=== Data for this task ===

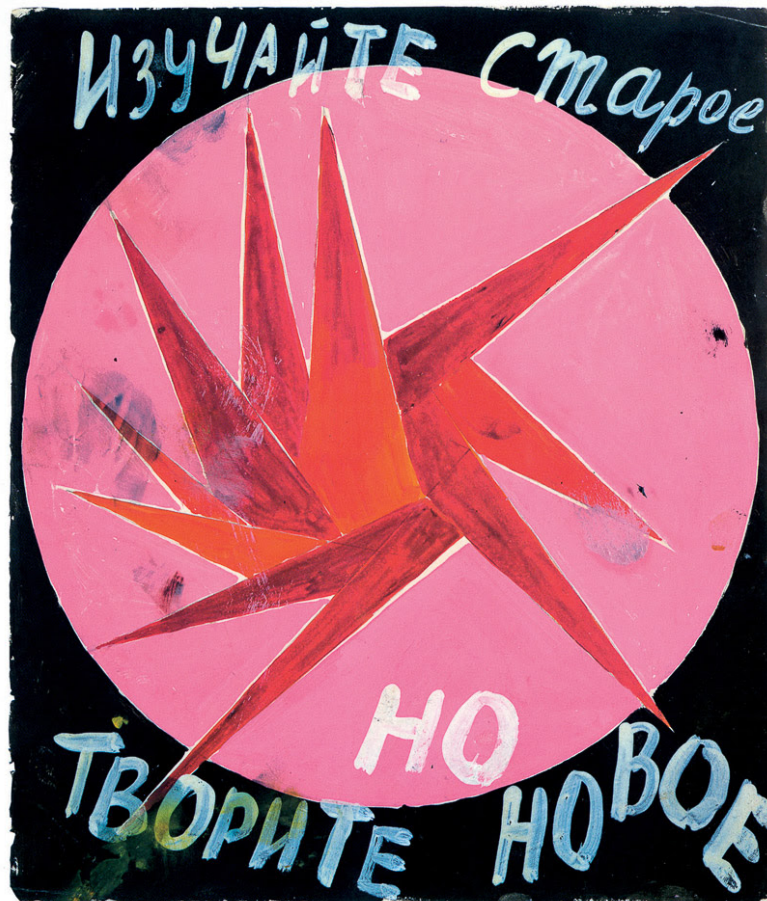
Varvara Stepanova (USSR), Study the Old, but Create the New , 1919.

local social and cultural organisation La Chimba. From the mayor's office, Jadue created a municipal pharmacy, optical shop, bookstore and record store, an open university, and a real estate project that operates free of the profit motive. 'I have dreamt of this plan all my life', Jadue tells me.
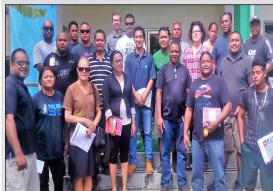
Energy Audit Training participants during training at Palau Community College

Palau Community College (PCC) hosted the First Energy Audity Training at PCC Continuing Education Training Room. The 5-day training provide for participants basic energy inspection, survey, and analysis of energy flow, energy conservation in building, and system to reduce energy input without disruption of energy flow. Topics also discussed during the training were Energy Management, Audit Levels and Procedures, Financial Metrics, Safety, Building Envelope, Low and High Bay Lighting, Exterior Lighting, Water Efficiency, Cooling Systems, Renewable Energy, Photovoltaics, Solar Water Heating, Wind Power, Hands-On Building Energy Audit (HOMER), Energy Modeling: Energy Savings and Economics Analysis.
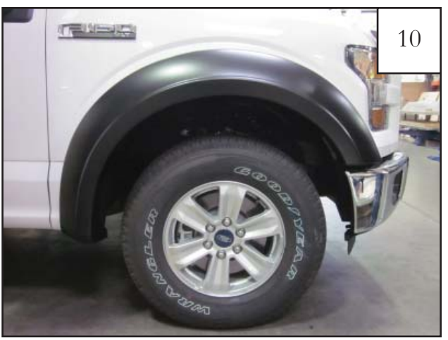
Completed front flare installation.
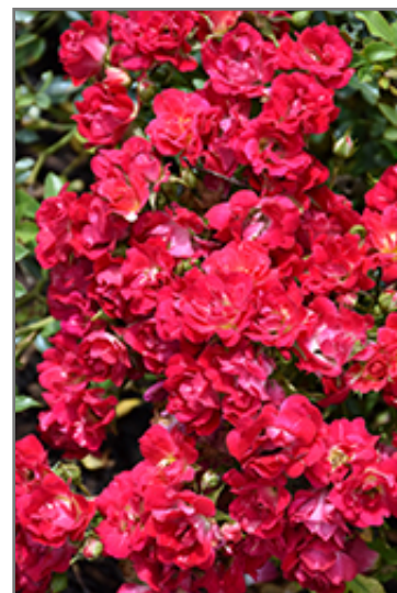
Red Drift Rose flowers

Red Drift Rose is recommended for the following landscape applications;
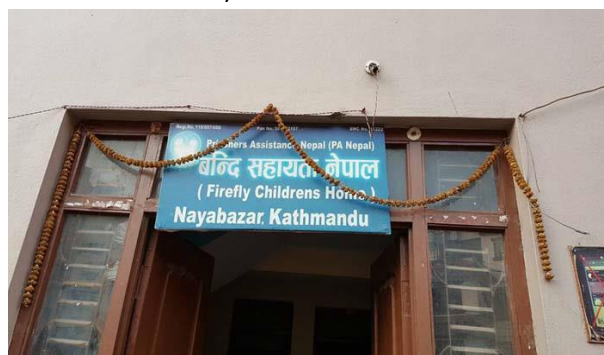
Visit to Firefly Children's Home
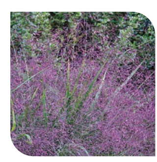
Eragrostis Spectabilis Purple Love Grass (ES)
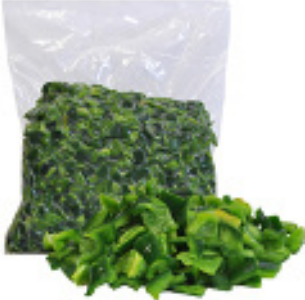
Pepper Poblano Diced 1/2"
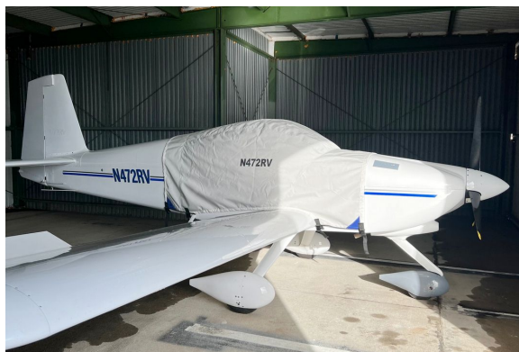
Vans RV-9A Extended Canopy Cover
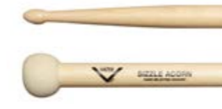
SIZZLE FUSION™ ACORN Ultra Staccato VSZLF

Length 16 1/4" | 41.27cm Grip 0.580" | 1.47cm Tip Acorn

===

_Task to carry out_.
Pictures are not part of the copy; reproduce exactly and only the lines from the line containing "Red Drift Rose flowers" through the end of the listing.

_Task solution_.
Red Drift Rose flowers

Red Drift Rose is recommended for the following landscape applications;
Visit to Firefly Children's Home
Eragrostis Spectabilis Purple Love Grass (ES)
Pepper Poblano Diced 1/2"
Vans RV-9A Extended Canopy Cover
SIZZLE FUSION™ ACORN Ultra Staccato VSZLF

Length 16 1/4" | 41.27cm Grip 0.580" | 1.47cm Tip Acorn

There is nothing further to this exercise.